As pessoas entraram em uma bolha e não conseguem se dar conta do que está acontecendo no país. E aí todos ficaram contra um governo que colocou médicos nos lugares onde essas pessoas não queiram ir, inclusive ganhando mais pontos. Foi feito o Provab (Programa de Valorização do Profissional da Atenção Básica), que tinha essa perspectiva: você não paga imposto, ganha R$10 mil, fica fixo um ano, ganha tantos pontos da residência… Nem assim essa conta se fechou. Além disso, muitos médicos de outros países que estão aqui já estão falando em ir embora, porque se ficou difícil para os cubanos, ficará para todo mundo. Vamos tratar a partir de janeiro com um presidente eleito que não tem tato, habilidade. Eu me sentiria muito constrangida de ter um diálogo com um Ministério dirigido por uma pessoa dessa natureza. As pessoas cogitadas para o Ministério também são aquém da perspectiva dessa saúde que vai assistir a população que mais precisa.

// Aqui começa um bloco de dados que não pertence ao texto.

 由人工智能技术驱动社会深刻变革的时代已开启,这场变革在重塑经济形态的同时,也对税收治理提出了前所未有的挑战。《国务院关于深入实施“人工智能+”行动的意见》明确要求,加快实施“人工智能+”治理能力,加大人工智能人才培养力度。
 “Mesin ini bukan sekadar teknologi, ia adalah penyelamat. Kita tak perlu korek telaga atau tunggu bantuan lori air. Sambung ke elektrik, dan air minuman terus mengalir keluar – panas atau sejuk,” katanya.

Desde o golpe tivemos muitas dificuldades, no Rio de Janeiro, só na atenção básica foram R$6 milhões em cortes. Existe uma ilusão de que assumiremos esses espaços. Mas mesmo se todos os médicos brasileiros assumissem ficaríamos doentes, porque trabalharíamos em duas, três cidades, não iríamos dormir ou comer, trabalhar 24 horas por dia. Não existe, a conta não fecha. Existe, segundo a Organização Mundial da Saúde (OMS), um número de médicos graduados no Brasil suficiente para assumir a população de grandes centros. A cidadezinha do interior não terá médico. Então, eu adoraria, em nome do povo brasileiro, que essa conta pudesse fechar, e que os médicos todos que estão reclamando e dizendo que não querem médicos estrangeiro, particularmente os cubanos, assumissem essas vagas e fizessem esse trabalho.

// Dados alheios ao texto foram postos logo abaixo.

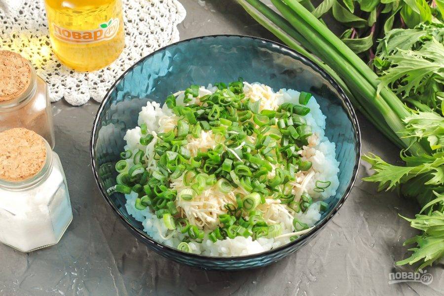 Натрите брынзу или твердый сыр на терке с мелкими ячейками. Промойте зеленый лук и измельчите, добавьте в емкость.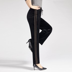 妈妈金丝绒加绒加厚直筒裤女外穿宽松显瘦中老年高腰运...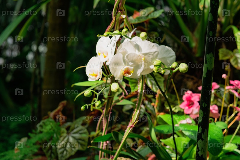 Цветущая орхидея белого мотылька среди тропической растительности
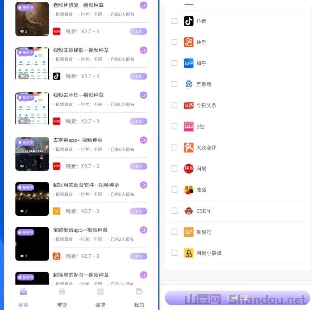 小猫种草首码上线,种草发视频代发,保底收益高,新品上线,团队模式,邀请日入几十米。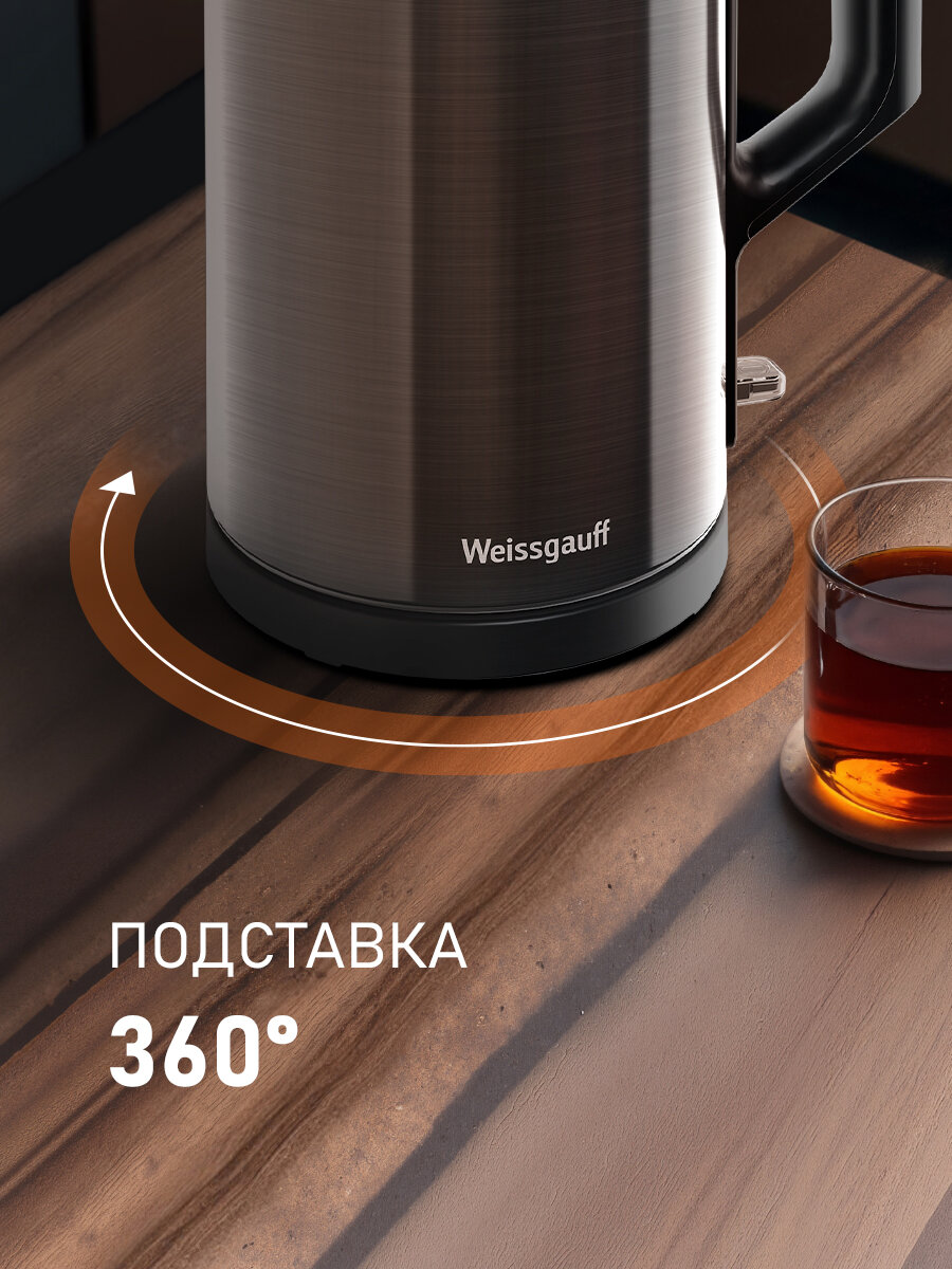 Чайник электрический Weissgauff WK 1510 Nero BodyCool, Объем 1,7 литра, Двухстенная конструкция интересное: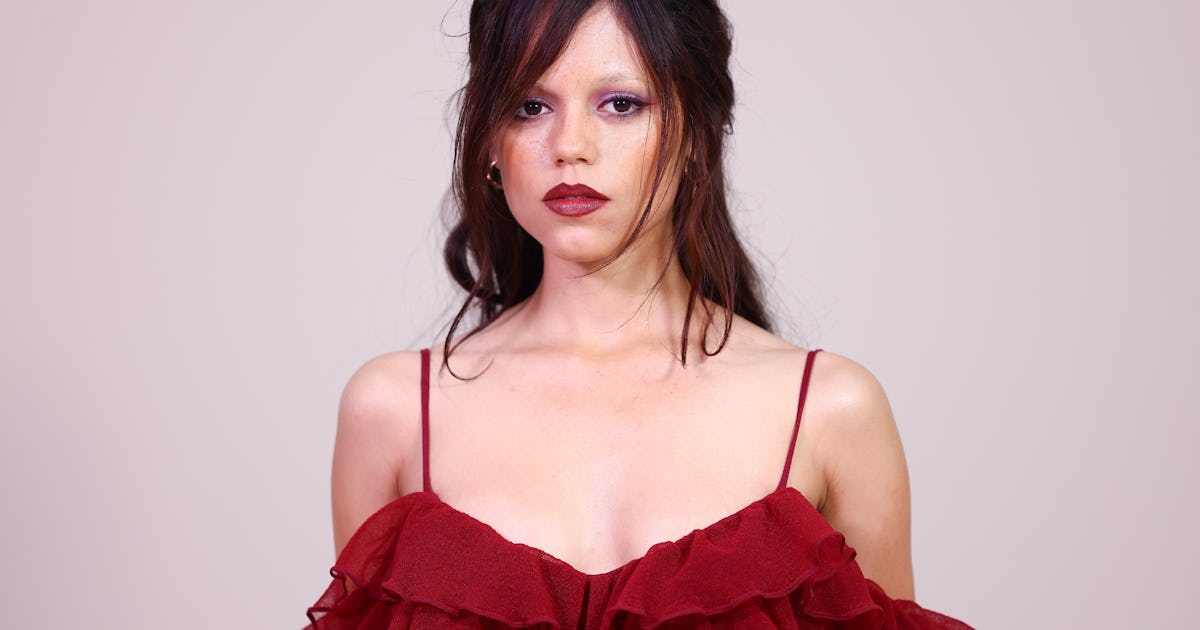 Samedi, Ortega a assisté à un spectacle pour Ande Merry Maetel, une marque connue pour son ADN gothique. Naturellement, elle portait un tailleur-pantalon en satin gris pour guider l’ambiance au premier rang. Cela comprenait une veste de style régiment coupé et un pantalon évasé subtilement. Au lieu des chemisiers et des boutones habituels qui étaient généralement portés dans les costumes, Ortega a opté pour des sous-vêtements avec des crampons à volants victoriens avec des poignets en plumes et des ceintures à volants qui dépassent de son pantalon.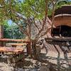 Im 450 m2 großen Garten, in dem nur einheimische mediterrane Pflanzen wachsen, gibt es eine überdachte Terrasse mit Grill, Holztisch und Bänken, die auch in den heißesten Zeiten ein angenehmes Beisammensein ermöglicht. Neben dem Innenhof, der Taverne und der überdachten Terrasse gibt es noch einen 150 m2 großen Garten mit Obstbäumen und einen Privatparkplatz vor dem Haus.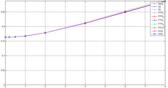 Из этого семейства графиков видно, что уменьшение значения dV увеличивает точность преобразования, что согласуется с теорией. Во всех трех графиках видно, что погрешности преобразования для всех разных форм ВАХ одинаковы и не изменяются в течение времени преобразования. (Кривые не расходятся). Это свидетельствует о том, что реакционная сила в системе практически отсутствует. Особое внимание стоит выделять к третьему случаю, когда dV=0; Погрешность W=0.16 в начале преобразования присутствует из-за постоянного шума амплитудой Um=0.1В.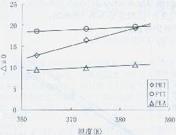 在一定溫度范圍內(nèi),△H°作為恒定,將-△μ°對(duì)T的關(guān)系作圖可得一直線(如圖7),從直線的斜率可求得△S,從直線的截距可求得△H。 圖7-△μ0o對(duì)T的關(guān)系作圖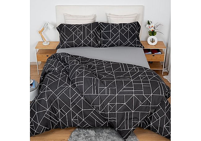 El juego de funda nórdica Dreamzie para cama de 150 cm cuenta con un estampado geométrico reversible que aporta versatilidad al dormitorio. Está fabricado en microfibra con certificación Oeko-Tex. Incluye una cremallera camuflada y sujeciones internas para mantenerlo en su lugar. Es fácil de cuidar, ya que se puede lavar a 40ºC.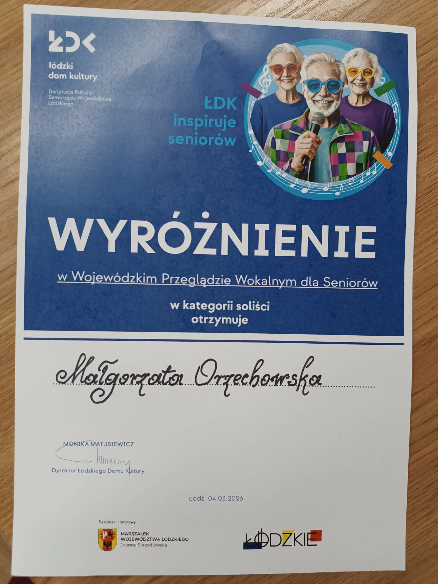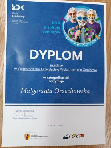 Wyróżnienie dla M. Orzechowskiej na Wojewódzkim Przeglądzie Wokalnym dla Seniorów

Eu dava aula em uma Faculdade de Medicina no interior da Paraíba em 2013, na vinda dos médicos para cá houve uma manifestação dos estudantes, eles simularam 400 diplomas para rasgar em praça pública. A partir daí, eu e outros colegas médicos pedimos para sair dessa faculdade. Se eles rasgavam o diploma daqueles médicos, rasgavam também os nossos. Hoje esse grupo está terminando o curso, e eu fico me perguntando, será que eles vão para os lugares onde os cubanos estavam?